■ **REQUIREMENT**: Write the listing below out again word for word, without a single picture.

■ **DATASET EXCERPT**:
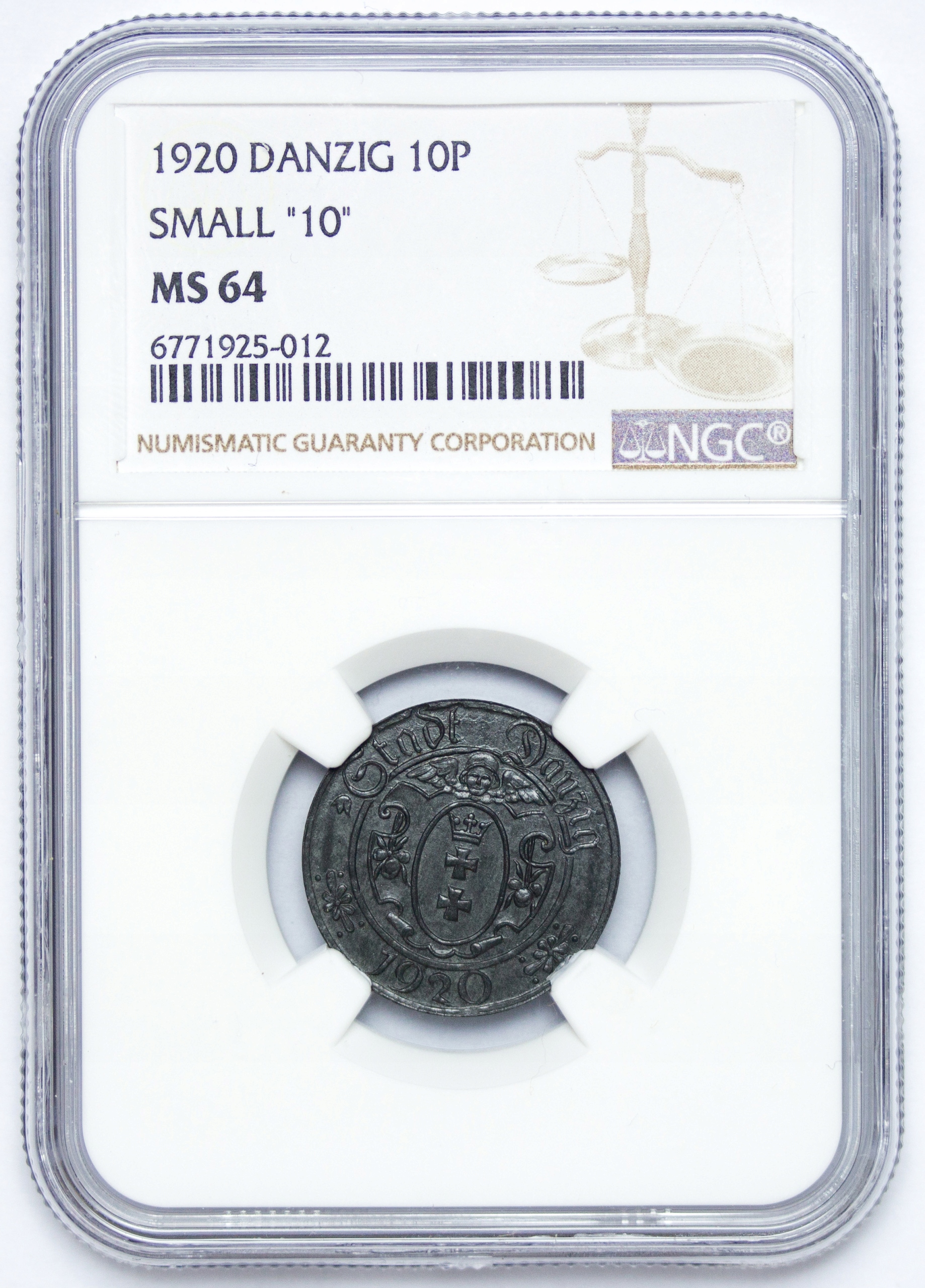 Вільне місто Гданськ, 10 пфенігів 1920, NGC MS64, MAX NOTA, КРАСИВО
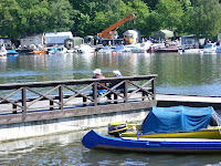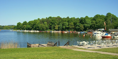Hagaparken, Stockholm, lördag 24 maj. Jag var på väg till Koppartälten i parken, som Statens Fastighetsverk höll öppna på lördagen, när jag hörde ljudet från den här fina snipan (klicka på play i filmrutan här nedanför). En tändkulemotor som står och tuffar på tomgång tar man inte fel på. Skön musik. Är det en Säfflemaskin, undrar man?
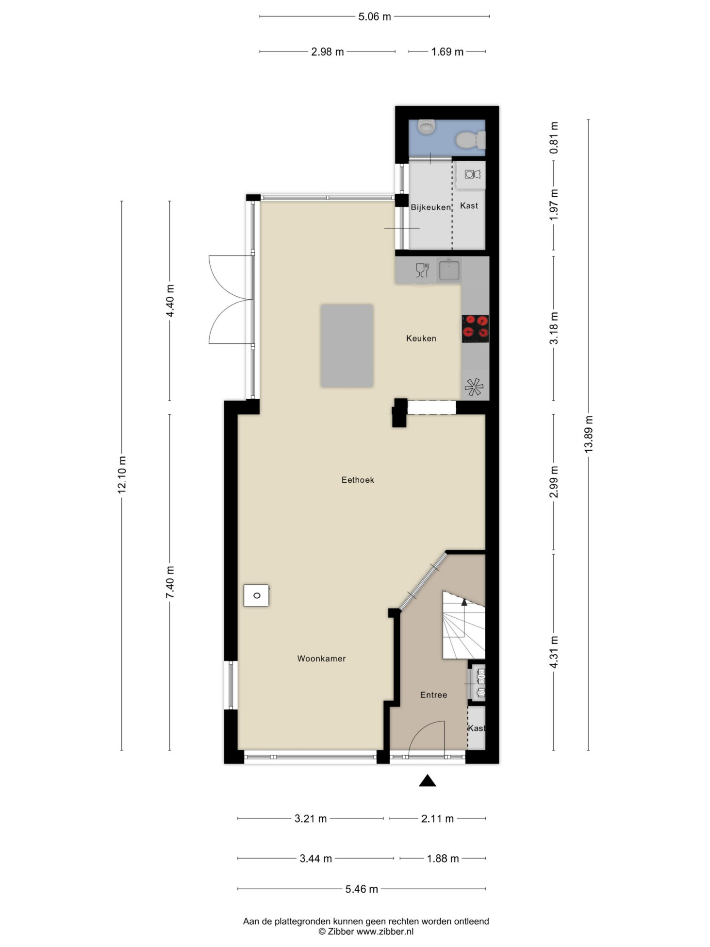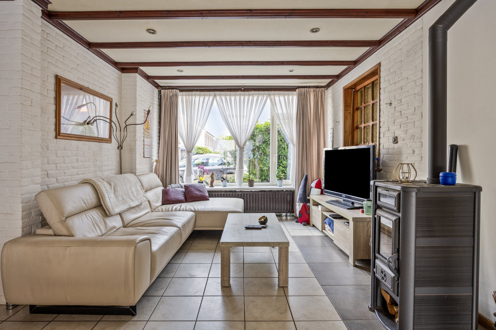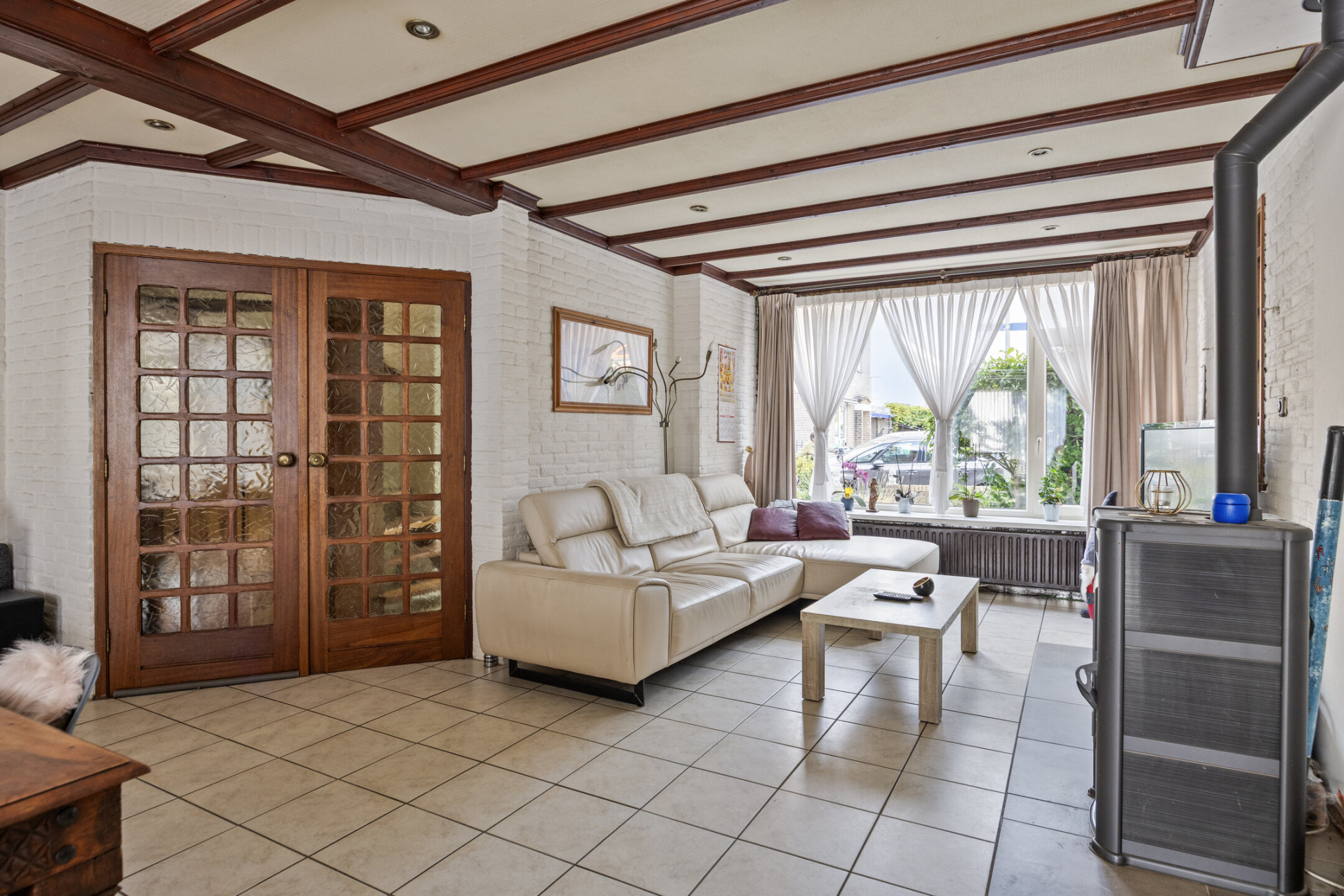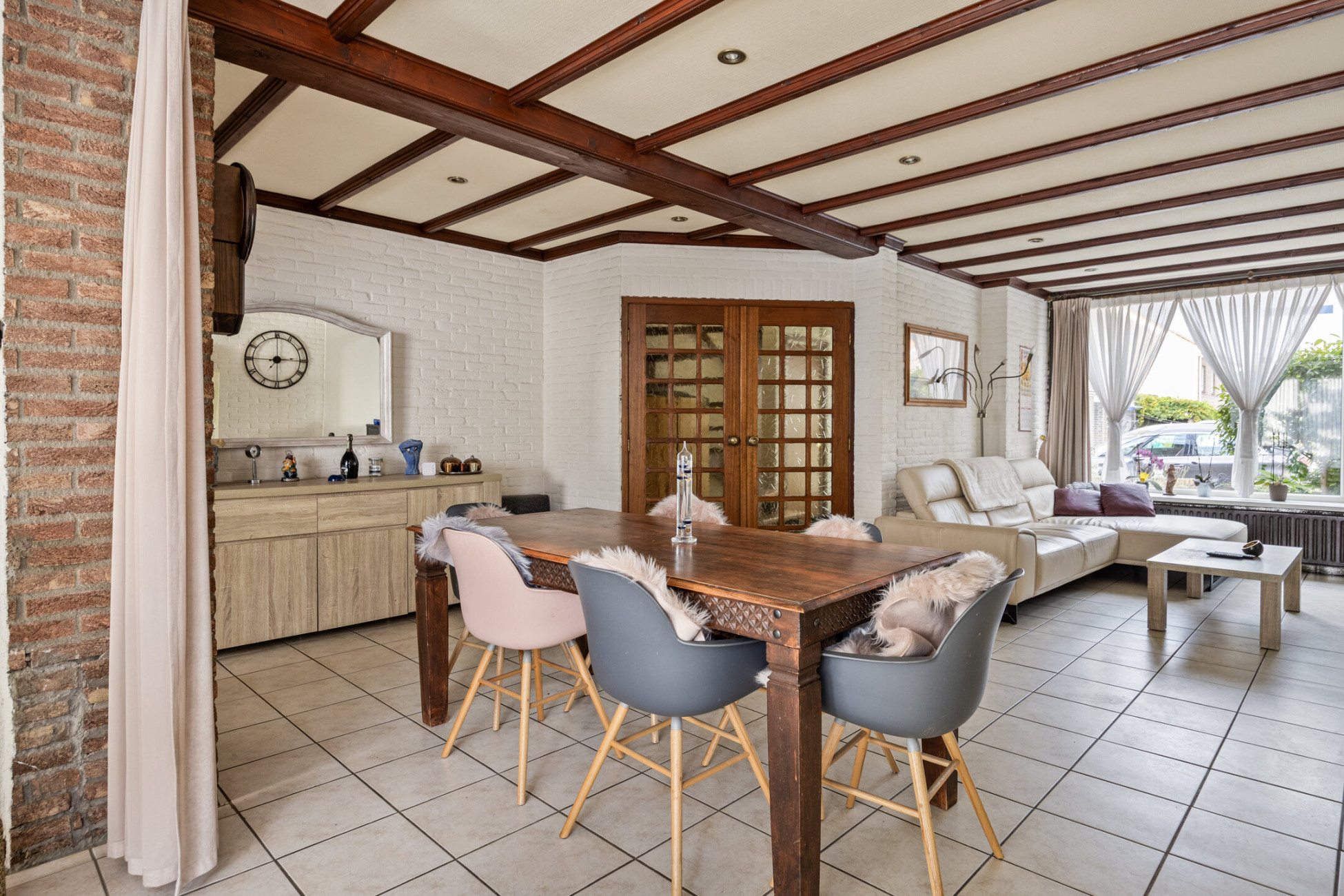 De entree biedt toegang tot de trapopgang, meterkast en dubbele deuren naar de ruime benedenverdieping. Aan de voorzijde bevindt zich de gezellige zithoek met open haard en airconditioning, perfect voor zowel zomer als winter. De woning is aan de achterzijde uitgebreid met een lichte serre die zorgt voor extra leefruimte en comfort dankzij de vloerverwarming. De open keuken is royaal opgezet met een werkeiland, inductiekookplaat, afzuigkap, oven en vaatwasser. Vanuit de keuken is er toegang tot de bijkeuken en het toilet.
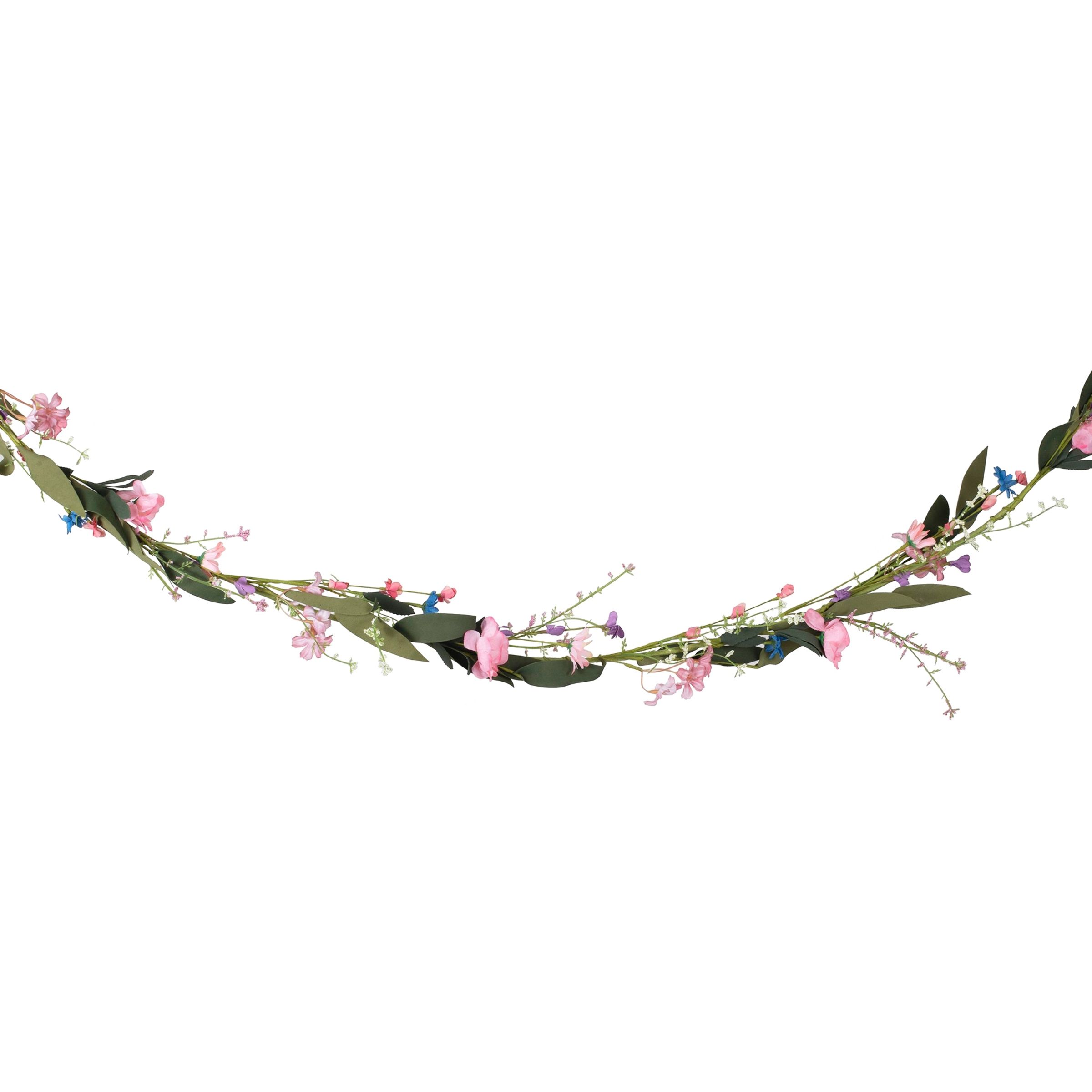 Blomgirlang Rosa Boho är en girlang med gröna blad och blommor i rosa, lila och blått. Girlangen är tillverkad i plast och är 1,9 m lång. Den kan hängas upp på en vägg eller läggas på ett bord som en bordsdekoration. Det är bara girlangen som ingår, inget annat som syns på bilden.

■ **ANSWER BELOW**:
 Вільне місто Гданськ, 10 пфенігів 1920, NGC MS64, MAX NOTA, КРАСИВО
Hagaparken, Stockholm, lördag 24 maj. Jag var på väg till Koppartälten i parken, som Statens Fastighetsverk höll öppna på lördagen, när jag hörde ljudet från den här fina snipan (klicka på play i filmrutan här nedanför). En tändkulemotor som står och tuffar på tomgång tar man inte fel på. Skön musik. Är det en Säfflemaskin, undrar man?
 De entree biedt toegang tot de trapopgang, meterkast en dubbele deuren naar de ruime benedenverdieping. Aan de voorzijde bevindt zich de gezellige zithoek met open haard en airconditioning, perfect voor zowel zomer als winter. De woning is aan de achterzijde uitgebreid met een lichte serre die zorgt voor extra leefruimte en comfort dankzij de vloerverwarming. De open keuken is royaal opgezet met een werkeiland, inductiekookplaat, afzuigkap, oven en vaatwasser. Vanuit de keuken is er toegang tot de bijkeuken en het toilet.
 Blomgirlang Rosa Boho är en girlang med gröna blad och blommor i rosa, lila och blått. Girlangen är tillverkad i plast och är 1,9 m lång. Den kan hängas upp på en vägg eller läggas på ett bord som en bordsdekoration. Det är bara girlangen som ingår, inget annat som syns på bilden.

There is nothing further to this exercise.